▸ REQUIRED ACTION
Word for word, restate every record, though not the pictures.

MATERIAL PROVIDED START

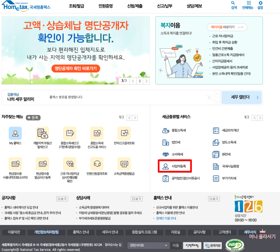 홈택스 화면 우측 하단에 "사업자등록" 메뉴가 있습니다.
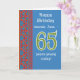 Um 65º Cartão de Aniversário para personalizar, com uma fronteira de Poppies de Campo Escarlate num fundo azul real. Parte da coleção 'Poppy Fields' de Posh & Painterly. Este design ajustado todos os tamanhos da placa de saudação.
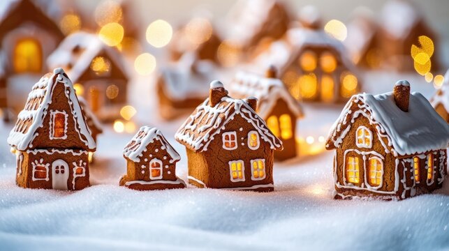 Cozy Christmas gingerbread village town greeting card. Little tiny toy christmas gingerbread village on white snow. Christmas night gingerbread houses on snowy winter light background
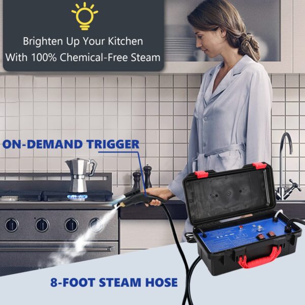 - [Excellent Performance] This professional steam Cleaner can support running for 3-4 hours without overheating. The outstanding continuous work ability can not only easily complete household steam Cleaning tasks, but also can be used for commercial use. Portable but powerful!
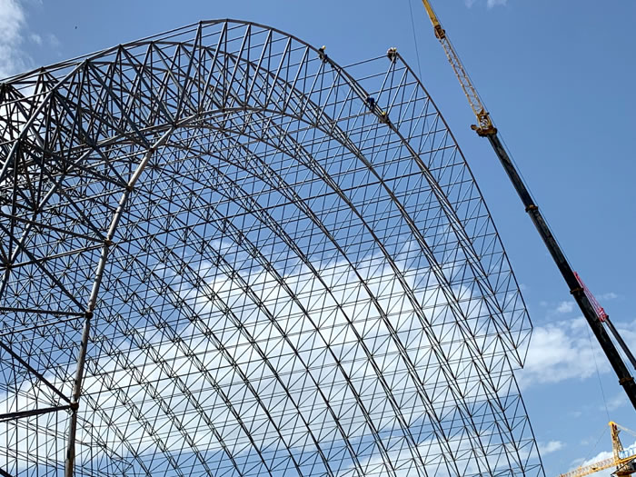 (2)网架加工前应对现场尺寸进行复测,确认无误后方可进行加工、安装;网架制作、运输、安装应遵守《空间网格结构技术规程》JGJ7-2010、《钢网架大冶螺栓球节点》JG/T 10-2009、《钢网架大冶螺栓球节点用高强度螺栓》 GB/T 16939-2016、《大冶钢结构大冶工程大冶施工规范》 GB50755-2012、《大冶钢结构大冶工程大冶施工质量验收标准》 GB50205-2020。

MATERIAL PROVIDED END

▸ REPLY
 홈택스 화면 우측 하단에 "사업자등록" 메뉴가 있습니다.
 Um 65º Cartão de Aniversário para personalizar, com uma fronteira de Poppies de Campo Escarlate num fundo azul real. Parte da coleção 'Poppy Fields' de Posh & Painterly. Este design ajustado todos os tamanhos da placa de saudação.
 Cozy Christmas gingerbread village town greeting card. Little tiny toy christmas gingerbread village on white snow. Christmas night gingerbread houses on snowy winter light background
 - [Excellent Performance] This professional steam Cleaner can support running for 3-4 hours without overheating. The outstanding continuous work ability can not only easily complete household steam Cleaning tasks, but also can be used for commercial use. Portable but powerful!
 (2)网架加工前应对现场尺寸进行复测,确认无误后方可进行加工、安装;网架制作、运输、安装应遵守《空间网格结构技术规程》JGJ7-2010、《钢网架大冶螺栓球节点》JG/T 10-2009、《钢网架大冶螺栓球节点用高强度螺栓》 GB/T 16939-2016、《大冶钢结构大冶工程大冶施工规范》 GB50755-2012、《大冶钢结构大冶工程大冶施工质量验收标准》 GB50205-2020。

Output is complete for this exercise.